As to gender, check them both out. Don't decide on what one you want. Leave that open to finding the right rat. Sometimes you see a rat and the two of you are the perfect fit for each other. 

When I got my first rat, I had a choice between 2 little rats. Both were cute, but one peed on me...... I took the one that "didn't pee on me. For my second rat, I was at a pet shop. I was looking at the feeder rats and there was a really cute one in there. I put my hand in the cage and she crawled onto my hand. I never put her back in the cage. I took her to the cashier and she came home with me. My girls and I were a perfect fit and we connected/bonded very well. 

My male, I picked out from a litter. I wanted a male and rex sounded good too. I like the Dumbo aspect as well. I picked him out, when he was 2 weeks old. He came to live with us at 4 weeks of age. I really didn't have the same "connection" I had with the females. We've since bonded and he's wonderful. It just would have been nice to have that connection/bond form the start. 

So, if it were me...... I would choose the rat/s that seem to connect with me.


----------



## YourSoJelly (Apr 22, 2013)

Thank you very much! I will be looking for a connection with my rats. I know that some pet store rats can be sweet, but I am not comfortable with buying from a pet store. Any who, are there different price ranges between bucks and does? I know that with guinea pigs, males tend to be slightly more expensive.


----------



## Rat Daddy (Sep 25, 2011)

Just to weight in, all my rats were rescued from the feeder bin at a pet shop as fuzzy pups. That included my part wild that was brought in as part of an accidental litter, and includes my opossum blazed, striped, American high white, most likely ditched by a disreputable breeder when the litter went south, and the amazing Fuzzy Rat, our true shoulder rat. 

I have no disagreement with anyone that won't buy from pet shops. And I agree that many of the rats offered at the big box chain stores are already way too screwed up for new rat owners to handle... but if anyone has read my threads on immersion training or shoulder rat training and benefited from them in any way, they owe a debt directly to a snake bin feeder rat. Without the tireless efforts on the part of Fuzzy Rat to get through to me there would be no immersion guide and no shoulder rat threads here or anywhere on the internet! 
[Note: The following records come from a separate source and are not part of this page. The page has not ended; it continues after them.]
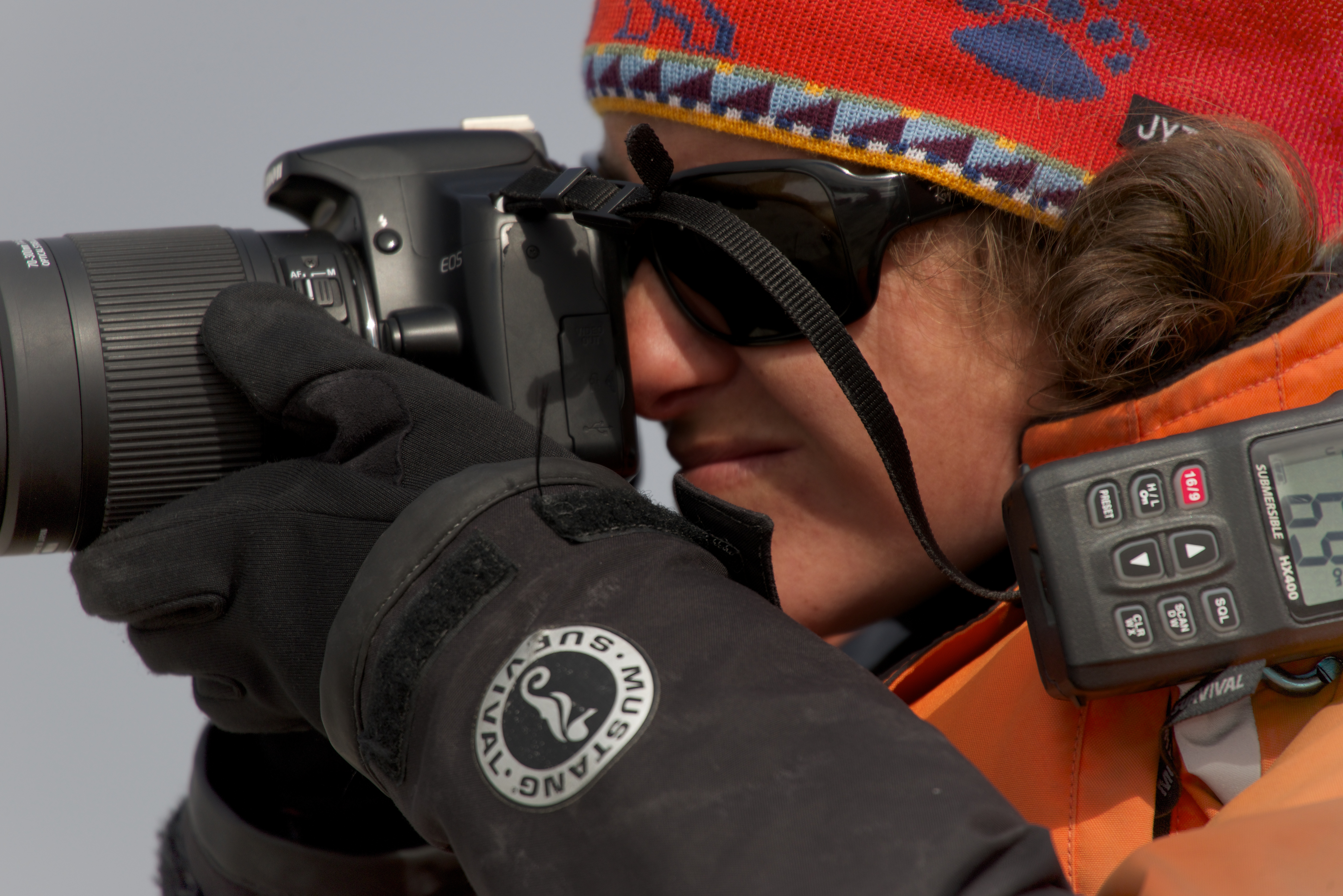 Close-up of brunette with camera and walkie-talkie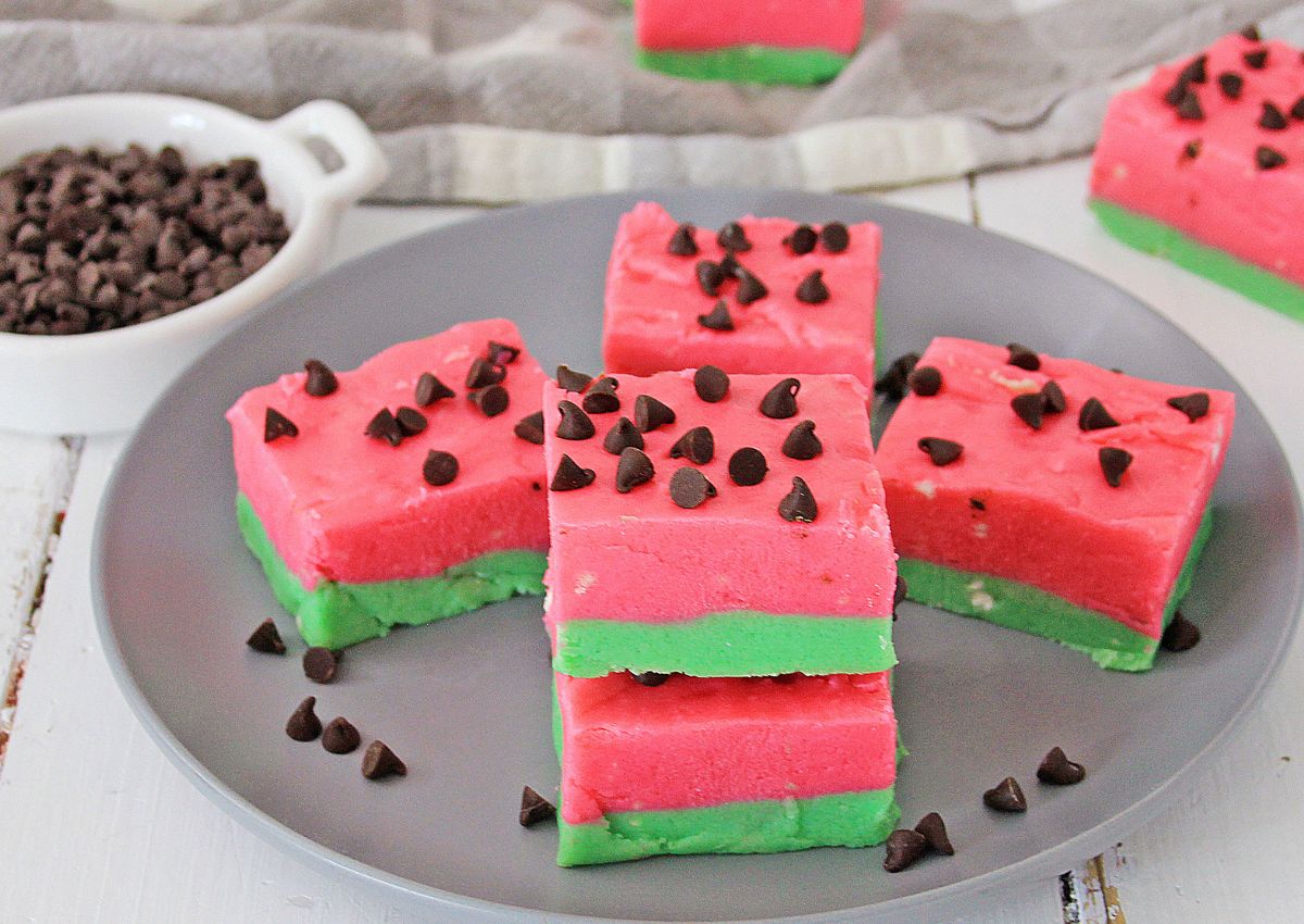 This colorful fudge layers pink, green, and mini chocolate chips to mimic the look and flavor of watermelon. The fruit flavor is subtle and sweet, usually made with candy melts or gelatin. Itโs eye-catching and playful, great for summer parties. Kids especially love the look of it.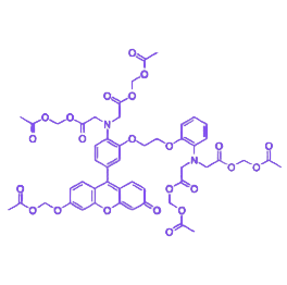 Fluo-8是一种基于氨基聚羧酸类螯合剂的高灵敏度荧光探针,专为检测细胞内游离钙离子(Ca²⁺)浓度变化设计,其乙酰氧甲基酯形式(Fluo-8 AM)可实现活细胞内高效负载与激活,广泛适用于生命科学研究及药物开发领域。细胞内游离钙离子(Ca²⁺) 检测的核心工具,具有高灵敏度 与细胞膜穿透性 ,结合Ca²⁺后荧光强度显著增强,激发波长490 nm,发射波长520 nm,信噪比优于传统Fluo-3/4探针。化学结构以氨基聚羧酸类螯合剂为基础,与Ca²⁺结合解离常数Kd≈370 nM ,属于低亲和力 探针,可精准监测生理范围内的Ca²⁺浓度波动。 采用乙酰氧甲基酯(AM)酯化修饰的Fluo-8 AM ,能通过细胞膜轻松负载至细胞内,经胞内酯酶水解后释放活性探针,实现无损伤活细胞检测。兼容活细胞成像 、流式细胞术 及高通量筛选 等多种技术平台,适用于神经科学领域的突触传递研究、心血管系统钙信号调控分析,以及药物筛选中Ca²⁺通道调节剂的活性评价。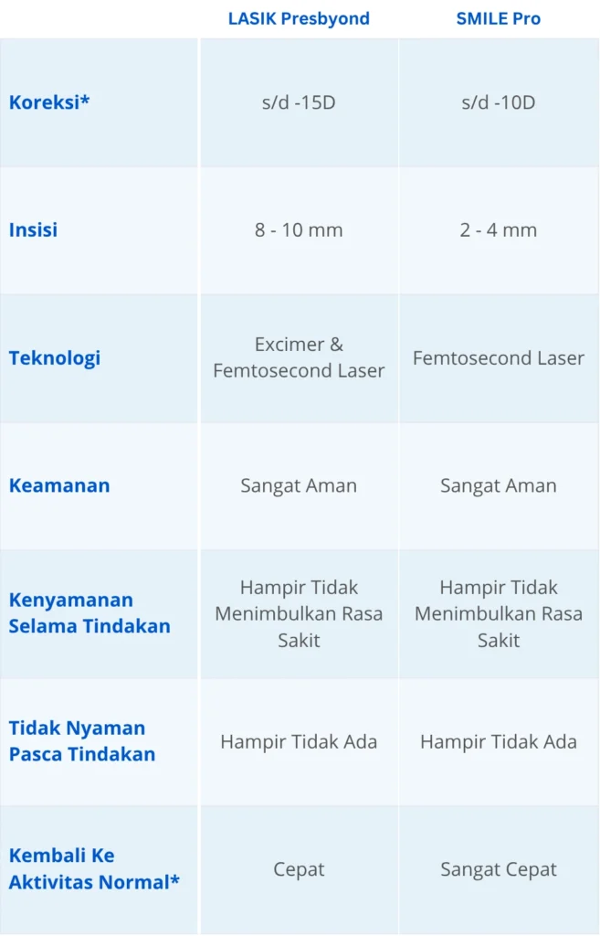 Secara umum, SMILE PRO adalah opsi Koreksi Penglihatan Laser yang kurang invasif dan memiliki risiko yang kecil untuk mengalami infeksi pasca-bedah atau sindrom mata kering sementara. LASIK menawarkan waktu pemulihan visual pasca-prosedur yang sedikit lebih cepat. Berdasarkan kesalahan refraktif, kondisi mata, dan anatomi, ahli bedah Anda dapat merekomendasikan perawatan yang tepat untuk Anda!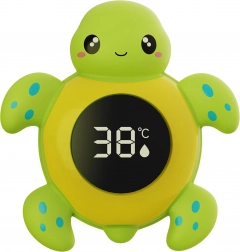 Naša kornjača je idealan termometar za djecu koji može mjeriti kako temperaturu vode, tako i temperaturu u prostoriji. Opremljen čitljivim LCD zaslonom i funkcijom upozorenja bojama za kontrolu temperature, pruža točna i brza mjerenja.

You can hate the rat industry, and the snake food breeders and the pet shops all you want, and shop where you feel most comfortable and support who you like... And rats raised by reputable breeders are easier to socialize and reputable breeders deserve support... But if you are in any way implying that my girls aren't as good as any other's out there... I'd strongly beg to differ. And Fuzzy Rat has hundreds of friends and acquaintances that would agree with me. So say what you want about the industry, but lay off of the loving, warm and intelligent rats that don't come with fine pedigrees or from good homes, they are every bit as deserving of love as any other rat. 

Immersion has literally saved the lives of certain rats and has changed the lives of the humans and rats that have done it. And shoulder rat training promises to have a similar impact on a smaller but otherwise special rat population... Without Fuzzy Rat there would be no immersion and no shoulder rat training... I'm pretty sure she didn't deserve to be snake food. 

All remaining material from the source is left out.